Work instruction: Each line from the one containing "A monorierdei önkéntesek" to the end of the data must be copied exactly, the first and last included; no other lines and no pictures belong in the copy.

Data shown:
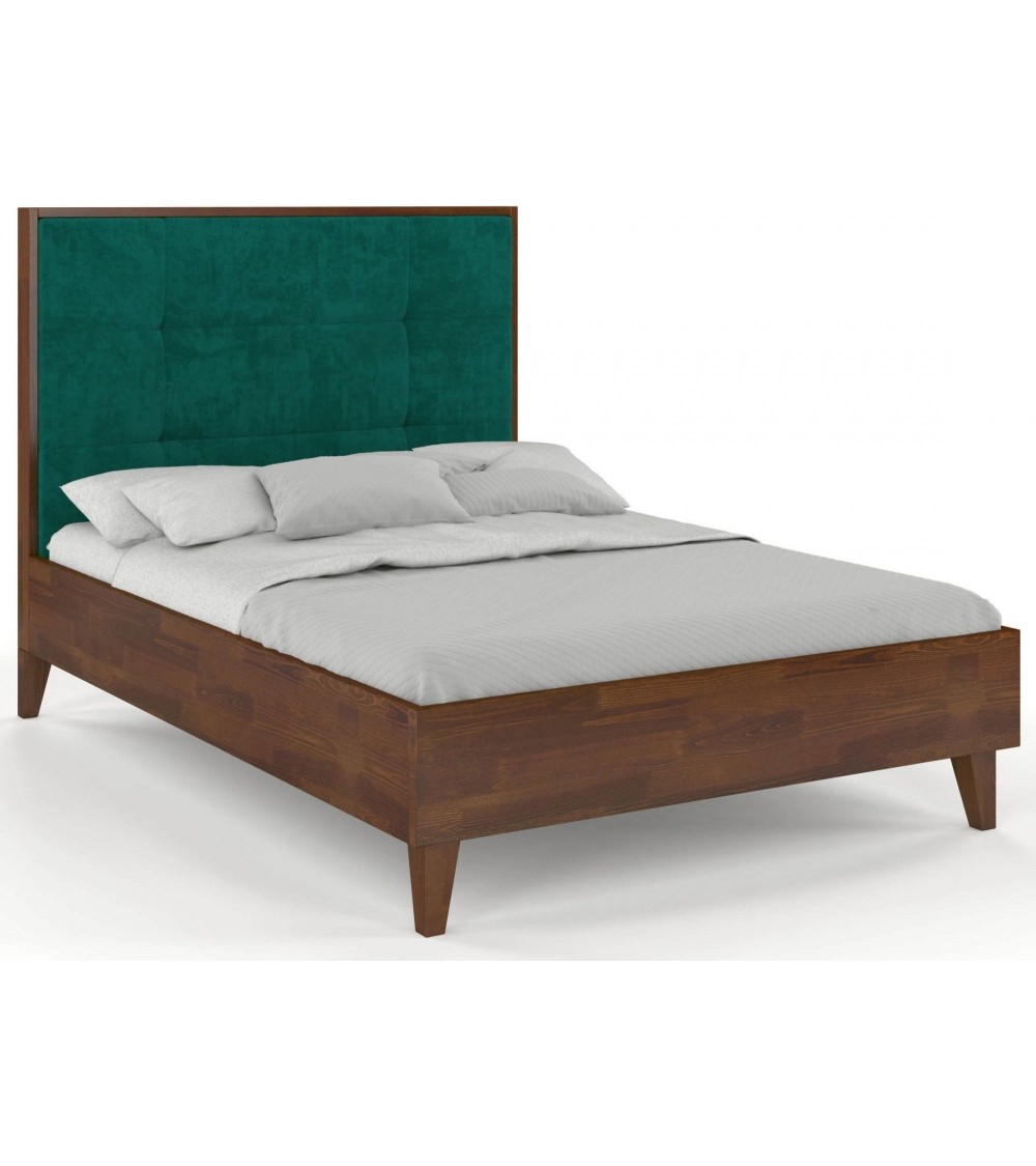 Lit avec tête de lit sommier noyer massif vert 140x200cm
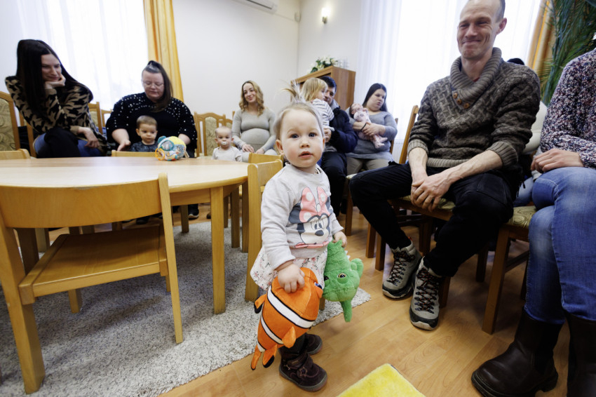 A monorierdei önkéntesek segítségével a családoknak névre szólóan kiosztották a pelenkákat. Egymás után vitték ki a szülők a piciket, akik közül néhány még vissza is integetett.
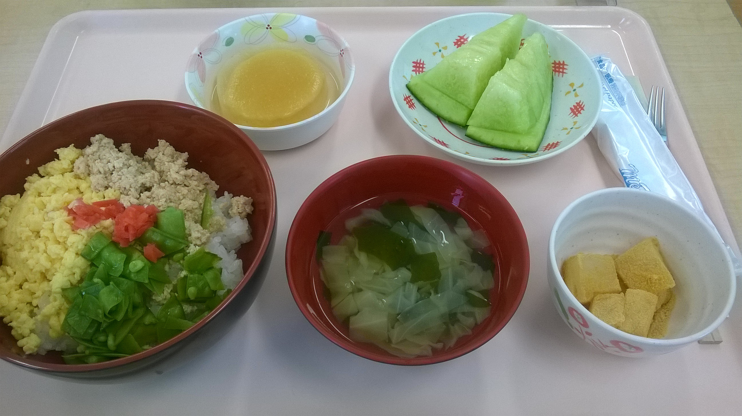 三色丼、ふろふき大根、澄まし汁(若布とキャベツ)、フルーツ(キウイ)

The completed task:
 A monorierdei önkéntesek segítségével a családoknak névre szólóan kiosztották a pelenkákat. Egymás után vitték ki a szülők a piciket, akik közül néhány még vissza is integetett.
 三色丼、ふろふき大根、澄まし汁(若布とキャベツ)、フルーツ(キウイ)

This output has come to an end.